「越後上布」の里を訪ねて – 第4回:苧麻績み

『越後上布』の里を訪ねて

2006年3月6日(月)〜7日(火)の2日間、店主の泉二が越後上布の里を訪ねました。その模様を4回に分けてご紹介します。今回は第4回(最終回)です。

第4回:苧麻績み

越後上布の苧麻(ちょま)の手績(う)みは根気との勝負です。今日は吉田カオルさん宅を訪ねました。
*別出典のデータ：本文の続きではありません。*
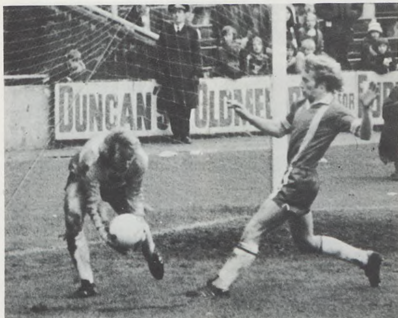
Rough foils the Dons in the Partick game last Saturday. A picture which sums up the course of the game.

午後4時過ぎに伺ったときには、少々待ちくたびれてコタツでこっくりこっくり。いくら玄関先で呼んでも出てきません。「あれ?寝ちゃったかなあ??」と言っているうちに奥から小柄なおばあさんが出てきました。「いらっしゃい。もう来ないかと思った。」と。「お茶入れるよ。お茶菓子用意しているから」と言うのを、申し訳ないながらも辞退して、苧麻績みの撮影をさせていただきました。

吉田カオルさん宅

吉田さんは大正14年生まれの81歳。一緒に績んでいるのは、彼女のところに同居している叔母さんです。爪と口を使って苧麻を細かく割いて行き、経糸は機結びを、緯糸は撚り合わせてつないで行きます。口と手と指と爪との連動が素早い。長年の業です。

「コタツに入って出来るからやってるで。でも春になったら外で仕事をしなくちゃね。」と吉田さんは言います。昔からの習慣で、苧麻績みは農閑期の仕事なのです。

撮影が終わってからふと片づけを手伝っていて台所を覗くとお野菜の煮物がお茶碗に一杯盛り付けてありました。私達を歓迎するためのお茶菓子がこの煮物だったのです。おばあちゃんの気持ちに感謝しつつ帰路につきました。

越後上布は、年々生産反数が減っています。泉二もそれを憂いながら「もっと産地を元気にする方法はないか」と心底考えながら帰路に着きました。 ご協力くださった六日町の皆様、ありがとうございました。

また、この越後上布の里訪問の更に詳しい様子は「きものサロン 2006年夏号」でもご紹介されました。